Editorial: Laity Key to Fighting False Teaching

Editorial

Laity Key to Fighting False Teaching

Sam Margrave is not a perfect man.  He does not claim to be.  What he claims to be is someone who has been made new in Christ Jesus and as a member of the General Synod from Coventry Diocese (elected, not appointed) he sees it as his responsibility to call out the theological errors being foisted by liberal elitists upon the Church of England’s hierarchy.  You need to know that he does not see himself as the only layman called to hold the hierarchy accountable.  He does not have a messianic complex. 

What he believes is that laity have a duty to rebuff teachings that contrary the clear meaning of scripture.  He is to be commended rather than criticised.

Has he said some things in less than elegant prose?  Yes.  He is speaking plainly enough that any 9 year old could understand.  

It is always worth recalling the wise words of those Christians who have gone before.  Wise counsel is always wise like truth is always true.

The first Bishop of Liverpool, JC Ryle said this about the responsibilities of the laity. In his essay entitled, The Rights and Duties of Laymen.

“This is an inquiry which deserves special attention, and I am much mistaken if the result does not astonish some people, and make them open their eyes.

“I say then, without hesitation, that you will not find a single text in the New Testament in which the ordained ministers alone are ever called “the Church,” or ever act for the Church without the laity uniting and co-operating in their action.

“Are the deacons appointed? The apostles recommend their proposal, but “the whole multitude” choose (Act. 6:5). Is a council held to consider whether the heathen converts should be circumcised, and keep the ceremonial law? The decision arrived at is said to come from “the apostles, and elders, and brethren,” with “the whole Church” (Act. 15:22-23). 

“Are inspired Epistles written by Paul to particular Churches? In eight cases they are addressed to “the Church, the saints, the faithful brethren”—and in only one case (the Epistle to the Philippians) is there any mention of overseers and deacons” in the opening address.

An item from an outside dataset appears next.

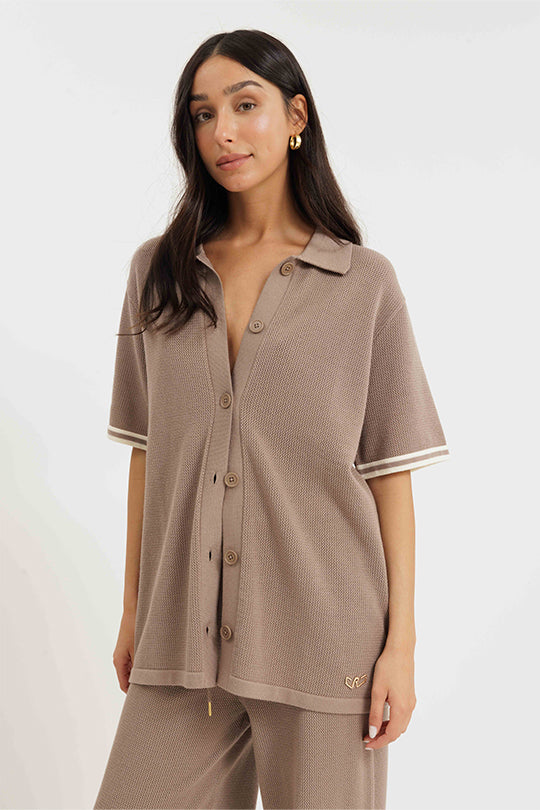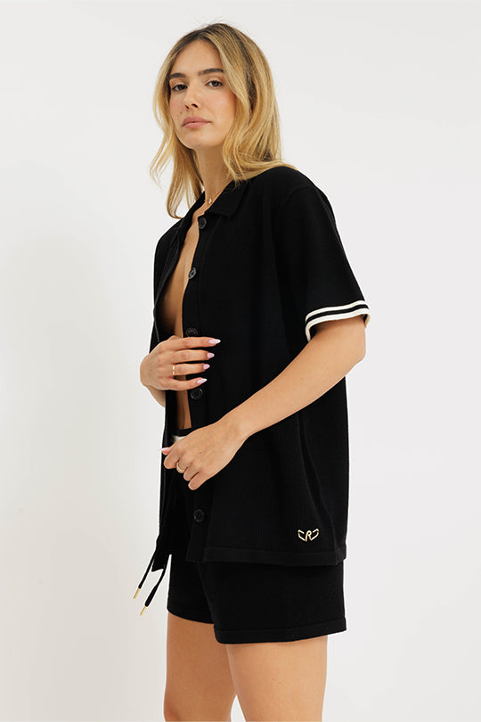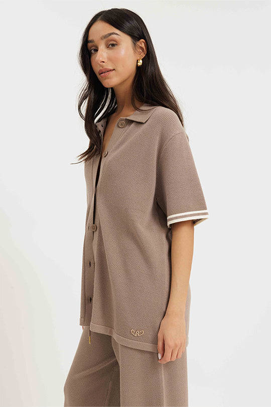 חולצת כפתורים קצרה מבית ריפליי בגזרת אוברסייז עם מראה ריב רך ונעים למגע. עשויה בד רשת נושם עם שרוולים קצרים וסיומת פס כפול בקצה השרוול למראה ספורטיבי ומעודכן.

Does Paul send instructions to the Church about the Lord’s Supper, and about speaking with tongues? He sends them to “them that are sanctified in Christ Jesus” not to the ministers. 

“Is discipline exercised against an unsound member? I find Paul giving directions to the saints at Corinth, without mentioning the ministry, “Put away from among yourselves that wicked person” (1Co. 5:13). Is a man “overtaken in a fault” to be restored to communion? Paul tells those who are “spiritual” among the Galatians to do it, and does not refer it to their ministers. (Gal. 6:1). Is an Epistle written to the Christian Hebrews? Not a word is said about “rulers” until you come to the last chapter. Does James write a General Epistle? He addresses the “twelve tribes,” and only names “teachers” in the third chapter. Does Peter write a General Epistle? He writes to the whole body of the elect, and says nothing to the “elders” until he arrives at the last chapter, and even then he is careful to remind them that they are not “lords over God’s heritage.” As for the Second Epistle of Peter, and the Epistles of John and Jude, they never touch the subject of the ministry at all.

“Now let no one mistake me. That there was to be a distinct order of men to minister to the Church is, to my eyes, most plainly taught in the New Testament. Paul, we are told, “ordained elders in every Church” (Act. 14:23). See 1Co. 12:28; Eph. 4:11; 1st and 2nd Epistles to Timothy; and Titus. But that “the Church” in any city or country meant especially the laity, and the ministers were only regarded as the “servants of the Church” (2Co. 4:5), seems to me as clear as the sun at noon-day.

“As for a Church in which the clergy acted alone, settled everything, decided everything, judged everything, and managed everything, and the laity had no voice at all, I cannot find the spirit of the shadow of such a thing in the Acts or Epistles of the New Testament. On the contrary, while Paul tells the Thessalonians to “esteem their ministers very highly,” it is to the laity, and not the clergy, that he addresses the words, “Warn those who are unruly, comfort the feeble-minded, support the weak” (1Th. 5:13-14).”

Oh, for more Bible believing, God-fearing men like the layman from Coventry.